= Cunningham Sanitarium =

Health institution in Cleveland, Ohio, U.S.

The Cunningham Sanitarium was a health institution in Cleveland, Ohio. Led by Dr. Orval J. Cunningham from the University of Kansas the facility was constructed to offer oxygen therapy on a large scale. The main structure for delivery of the treatment was a 900-ton steel sphere built in 1928. Consisting of five stories, the sphere stood at 64 feet and contained 38 rooms. 350 portholes helped to illuminate the rooms. The building was funded and built by the Timken Roller Bearing Company and linked to the three-story sanitarium hotel. It opened on December 1, 1928.

Dr. Cunningham chose to build the sanitarium at 18485 Lake Shore Boulevard near East 185th Street. The site, along the shore of Lake Erie, was chosen for its aesthetics. Dr. Cunningham believed that he could treat cancer and diabetes with hyperbaric medicine.

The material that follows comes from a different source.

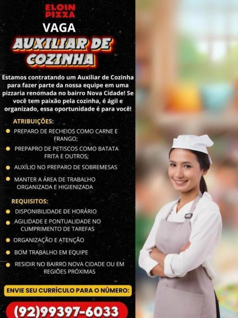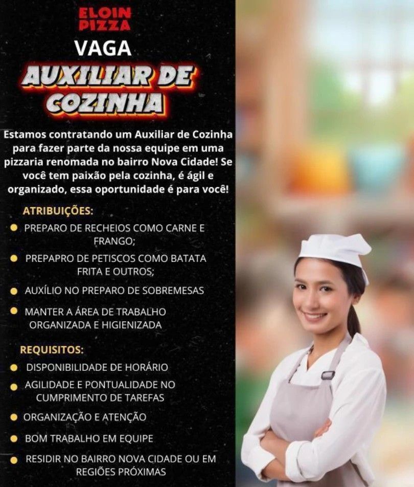 Empresa está selecionando Auxiliar de cozinha; Envie seu currículo!

Dr. Cunningham sold the site to James Rand Jr., son of one of the co-founders of Remington Rand and protégé of Cunningham, in 1934. Rand reopened the buildings the following year as the Ohio Institute of Oxygen Therapy, making use of the unique facility. It did not last long and was soon turned into a general hospital under the name Boulevard Hospital. Financial problems led to its closure in 1937 and the site lay dormant until it was bought by the Roman Catholic Diocese of Cleveland. The Cunningham Sanitarium building was razed on March 31, 1942, and the steel was used in the war effort. In 1950 the ground on which the sphere stood was turned into a school, St. Joseph High School, now the Villa Angela-St. Joseph High School. The main building was used as a hospital, Catholic Youth Organization headquarters and orphanage before becoming the St. Joseph Christian Life Center. This building was razed in 2010 and the property is used for green space by the Hospice of the Western Reserve, which owns the land.